Гиттес накидывается на нее и бьет ладонью по лицу.
Жгучая боль. Оцепенение. Полное бессилие из-за чувства вины, испытываемого всю жизнь.
ГИТТЕС
Я сказал — правду!
Она безучастно стоит, словно предлагая ударить себя снова.
ЭВЕЛИН
Это моя сестра...
Еще одна пощечина...
ЭВЕЛИН
...это моя дочь...
Не испытывает ничего, кроме облегчения.
...бьет еще раз, видит ее слезы...
ЭВЕЛИН
...моя сестра...
...еще один более сильный удар по лицу...
ЭВЕЛИН
...моя дочь, моя сестра...
...бьет наотмашь, хватает ее, с силой толкает на диван.
ГИТТЕС
Я сказал — мне нужна правда.
Сначала его побои кажутся чем-то очень далеким, но удар о диван возвращает вас в настоящее, и вы выкрикиваете слова, которые никому никогда не говорили:
ЭВЕЛИН
Она моя сестра и моя дочь.
Возникает брешь, слепящая глаза! Ошеломление. Ярость ослабевает, когда брешь медленно закрывается, и вы осознаете ужасный смысл, скрывающийся за ее словами.

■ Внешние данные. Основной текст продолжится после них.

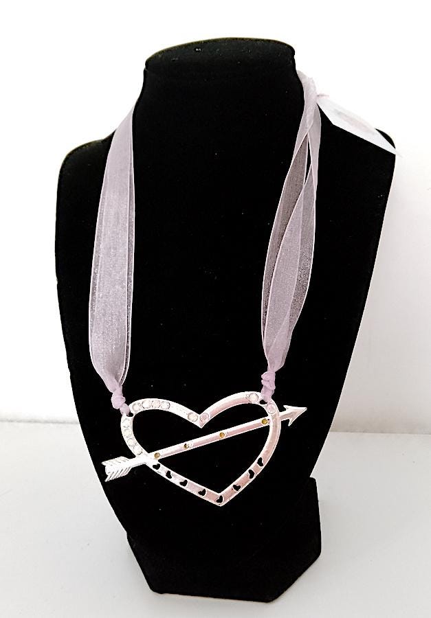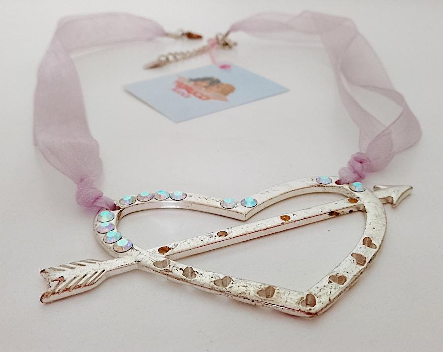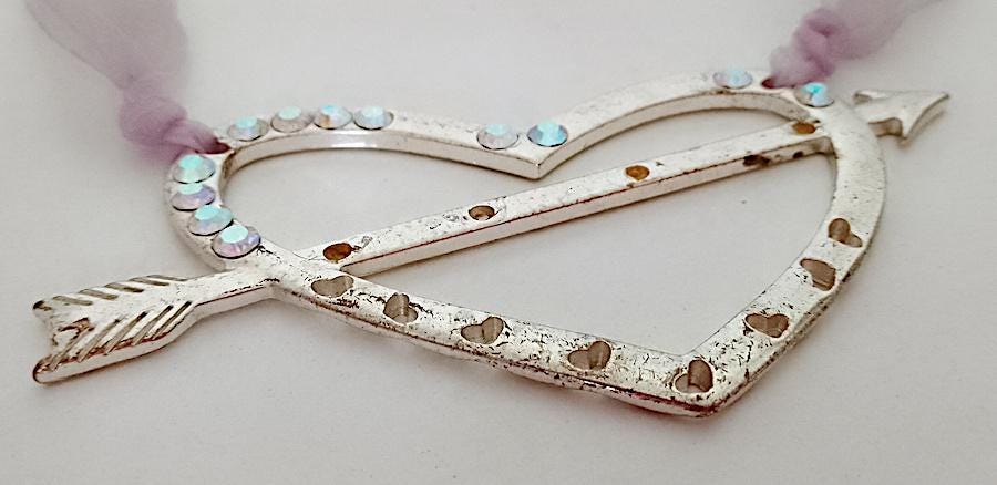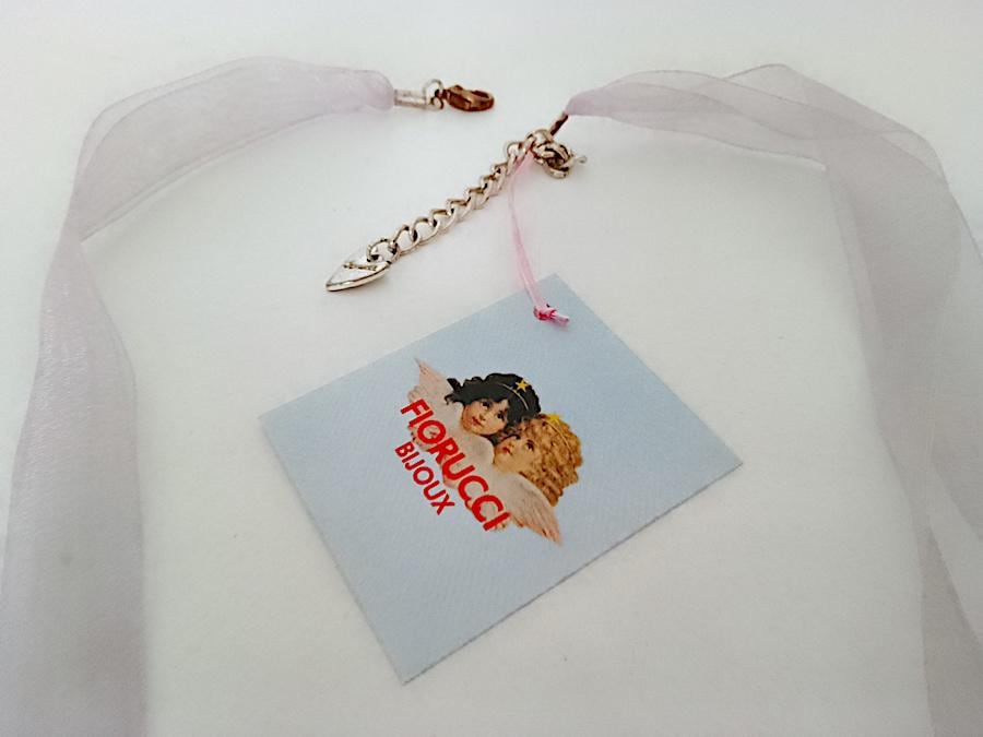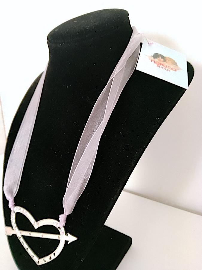 original necklace with large pendant in silver metal and iridescent glitter and iridescent ribbon in bright light purple lilac color

Неожиданно по лестнице с топотом сбегает Кан.
Готов драться, чтобы защитить ее.
«Кэтрин! Боже милосердный, неужели она меня слышала?»
ЭВЕЛИН
(быстро обращаясь к Кану)
Кан, пожалуйста, вернись назад. Ради всего святого, сделай так, чтобы она оставалась наверху. Вернись к ней.
Кан бросает тяжелый взгляд на Гиттеса, затем уходит вверх по лестнице.
Странное чувство жалости к нему: «Бедняга... так до сих пор и не понял».
ЭВЕЛИН
...мой отец и я... понимаешь? Или это для тебя слишком сложно?
Эвелин опускает голову на колени и всхлипывает.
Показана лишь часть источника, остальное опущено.